To that time the 16-year-old Jenaro Pérez Villaamil joined the Spanish Army and participated in fights against the French. He was captured by the enemy and brought to Cadiz. The impressions of these days obviously led him to creation of the here discussed painting six years later.
Jenaro (Genaro) Pérez Villaamil (Villaamil y Duguet) was born on 3 February 1807 in El Ferrol, La Coruna and died on 5 June 1854 in Madrid.
Shortly before the French invasion of 1823 he attended the Colegio Militar in Santiago, Galicia. After his very short career as an officer and then prisoner-of-war, he entered the Academy of Cadiz and soon achieved some fame in the city. Already in 1830 he was commissioned to decorate the Tapia Theatre in the Carribean city of San Juan in Puerto Rico. In 1833 he returned to Spain and met the Scottish painter David Roberts in Seville, who introduced him to the British Romantic landscape style in which he then continued to work for the rest of his life.
In 1834 Pérez Villaamil settled in Madrid, taking an active part in the lively artistic world of the Romantic period and had increasing success. In 1835 he was elected Member of Honor of the Real Academia de San Fernando. He also was active as an illustrator providing sketches for the "Panorama matritense" of Mesonero Romano in 1835. Pérez was amongst the founders of Liceo Aertistico y Literario España in 1837 where he subsequently obtained high teaching and administrative positions. At this time his work also became known outside of Spain when Baron Taylor bought several of his paintings for King Louis-Philippe of France.
In 1840 Pérez Villaamil became Pintor Honorario de la Real Cámara (royal artist) but during the regency of General Esparterol (1840-1844) Pérez stayed abroad, partly busy with his "España artistic y monumental", a book illustrated with lithographs mainly based on his own drawings… This work, one of the most beautiful lithographed travel books of Spanish Romanticism, with texts by Patricio de la Escosura, was published in Paris in 1842-3. Pérez Villaamil also travelled in Belgium and the Netherlands, in these countries (as also in France) carrying out commissions for the sovereigns and associating with important political and cultural figures.

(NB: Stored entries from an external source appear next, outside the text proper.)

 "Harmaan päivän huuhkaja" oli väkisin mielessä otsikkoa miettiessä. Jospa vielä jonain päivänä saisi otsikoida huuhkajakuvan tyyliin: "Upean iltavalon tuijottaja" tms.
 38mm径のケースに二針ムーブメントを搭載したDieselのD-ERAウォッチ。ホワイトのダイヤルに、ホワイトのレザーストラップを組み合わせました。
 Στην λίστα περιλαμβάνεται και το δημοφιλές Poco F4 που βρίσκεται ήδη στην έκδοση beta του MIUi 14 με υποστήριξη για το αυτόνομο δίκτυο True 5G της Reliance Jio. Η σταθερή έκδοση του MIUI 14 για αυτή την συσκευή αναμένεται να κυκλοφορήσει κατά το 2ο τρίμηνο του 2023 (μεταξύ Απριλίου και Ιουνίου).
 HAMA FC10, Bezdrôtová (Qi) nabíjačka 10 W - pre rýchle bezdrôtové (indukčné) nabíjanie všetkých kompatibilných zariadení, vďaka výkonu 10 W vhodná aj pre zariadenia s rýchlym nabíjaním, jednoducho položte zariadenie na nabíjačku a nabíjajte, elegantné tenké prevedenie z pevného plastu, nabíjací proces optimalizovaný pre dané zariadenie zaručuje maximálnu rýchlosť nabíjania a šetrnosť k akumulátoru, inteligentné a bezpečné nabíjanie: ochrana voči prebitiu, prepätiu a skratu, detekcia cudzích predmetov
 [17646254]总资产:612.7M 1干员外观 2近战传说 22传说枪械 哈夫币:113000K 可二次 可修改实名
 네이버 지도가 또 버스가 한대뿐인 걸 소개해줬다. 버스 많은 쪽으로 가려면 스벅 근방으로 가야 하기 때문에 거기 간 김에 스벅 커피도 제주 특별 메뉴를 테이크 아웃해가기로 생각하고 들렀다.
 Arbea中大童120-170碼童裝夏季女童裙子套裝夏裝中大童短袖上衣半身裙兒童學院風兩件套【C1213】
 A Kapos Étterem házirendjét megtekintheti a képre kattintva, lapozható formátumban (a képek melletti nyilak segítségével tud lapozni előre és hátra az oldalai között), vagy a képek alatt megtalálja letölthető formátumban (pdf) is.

He received the Légion d'honneur from King Louis-Philippe and was elected a Knight of the Order of Leopold of Belgium. On the fall of Espartero in 1844 Pérez Villaamil returned to Madrid. In 1845 he was elected Lieutenant Director and Professor of Landscape at the Academia de S Fernando. From 1848 he also taught landscape painting at the Escuela Preparatoria de Ingenieros Civiles y Arquitectos. From this date until his death he made frequent sketching trips to the north of Spain and to Andalusia. He contributed with success to the exhibitions at the Academia and the Liceo, and in 1846 he showed his work at the Paris Salon, where it received high praise from Charles Baudelaire.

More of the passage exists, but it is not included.